Тут подошла Нина – с большой тарелкой ванильного мороженого. Девушки съели по ложке, а затем тарелку поставили перед Якобом.
Он опасливо понюхал угощение и спросил у Эсфири:
– А мне понравится?
– Только не говори, что никогда в жизни не ел мороженого! – ахнула Теди.
Малыш неуверенно сунул в рот первую ложку, улыбнулся не сводившим с него глаз женщинам и кивнул:
– А ничего.
Пока он уписывал мороженое, подруги, перебивая друг друга, обсуждали преимущества сортов, которые ему еще предстояло попробовать, – шоколадное, клубничное, кофейное, карамельное...
Вылизав до блеска тарелку, Якоб объявил:
– Это мое любимое. Навсегда.
Все уже отужинали и разошлись, дежурные уборщики подметали пол и наводили порядок, а девушки все сидели в столовой. Якоб спал, пристроив голову на колени Эсфири. Разговор плавно перетекал от мороженого к здешним красотам, от горных пейзажей – к недавнему противостоянию. Потом они обсудили израненные ноги Леони. Но никто ни словом не обмолвился о том, что их ждет завтра. Они жили настоящим.
– Просто не верится, что я только в первый раз проснулась здесь сегодня утром, – задумчиво сказала Теди. – Такое чувство, будто я здесь давно.
– Еще вчера мы торчали в Атлите, – напомнила Шендл.
– Да, только вчера, – сказала Зора. – Всего-то несколько часов назад.
– Интересно, соберемся ли мы вот так еще раз, – вздохнула Теди.
– Соберемся, – твердо сказала Леони. – Алица из лазарета вечно повторяла, что это очень маленькая страна. Тут все время натыкаешься на старых знакомых, друзей детства.
– Может, так и есть, – пробормотала Шендл.
Эсфирь молчала, положив голову на стол.
– Все, девочки, – сказала Шендл. – Пора на боковую.

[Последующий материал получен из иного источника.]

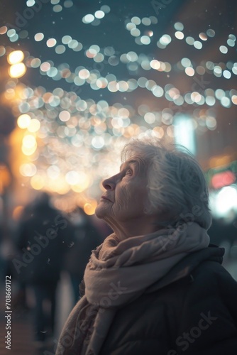 woman, standing, front, christmas, tree, holiday, festive, celebration, decoration, light, ornament, present, winter, seasonal, joy, happiness, family, tradition, cosy, home, wonderland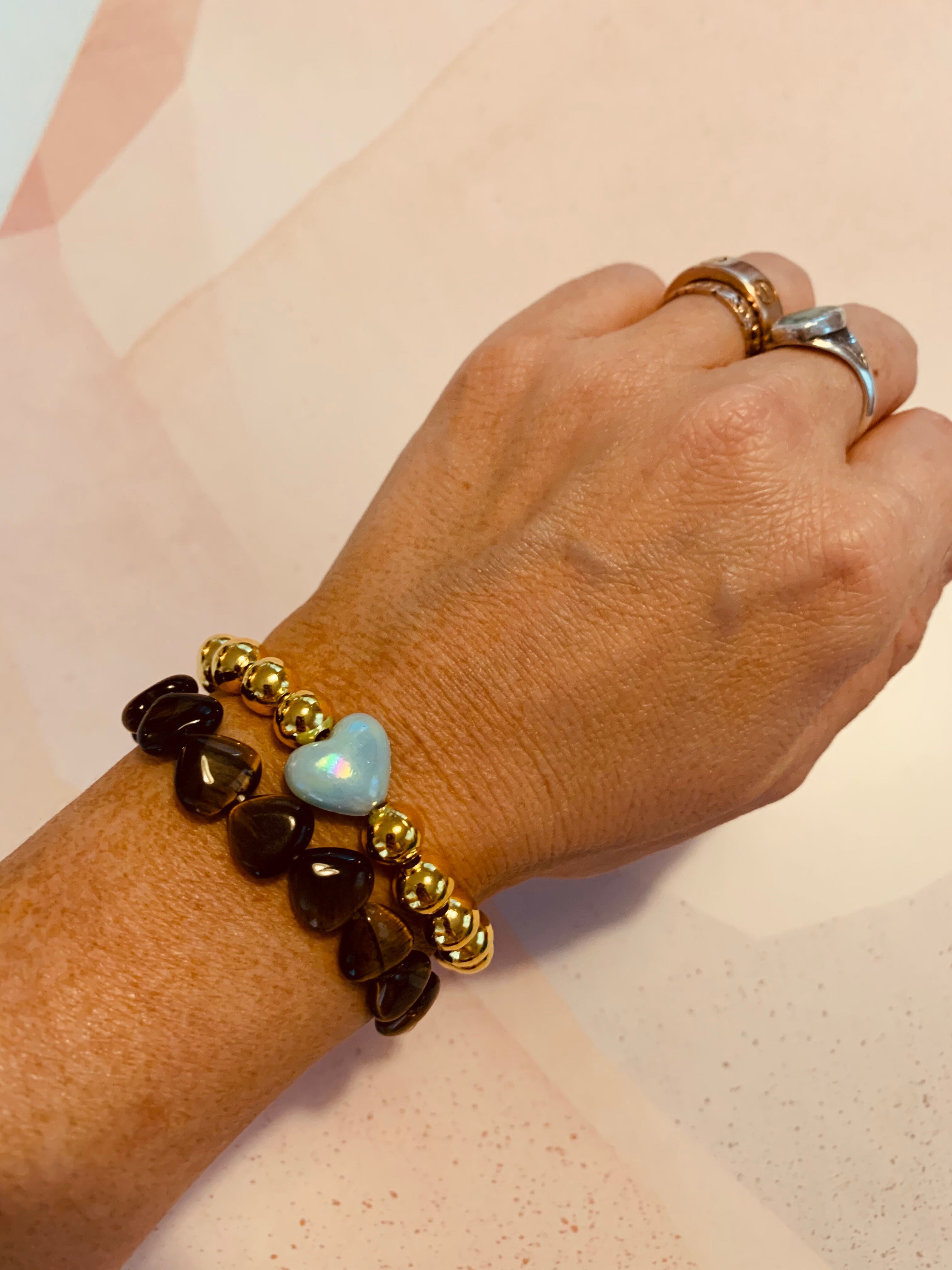 ハートが付いたゴールドのボールビーズのブレスレットです。A.B.C.Dからお選びください。

Они вышли на улицу пожелать друг другу спокойной ночи.
Леони поочередно поцеловала подруг. Теди она прошептала на ухо:
– А чем мы пахнем сейчас?
– Соснами и лавандой.
Эсфирь прижалась лбом ко лбу Шендл и сказала:
– Благослови тебя Господь.
Шендл обняла ее и ответила:
– Ну все, хватит. Вообще-то, утром мы снова увидимся.
Шендл, Леони, Теди и Зора вернулись в свою комнату и упали на кровати – будто листья, спорхнувшие с одного дерева. Даже Зора всю ночь напролет спала как ребенок, крепко и глубоко. И каждая видела яркие сны.
Шендл плыла на деревянном плоту по озеру, окруженному ивами и березами. Она зачерпывала ладонью прозрачную воду, пила и никак не могла напиться.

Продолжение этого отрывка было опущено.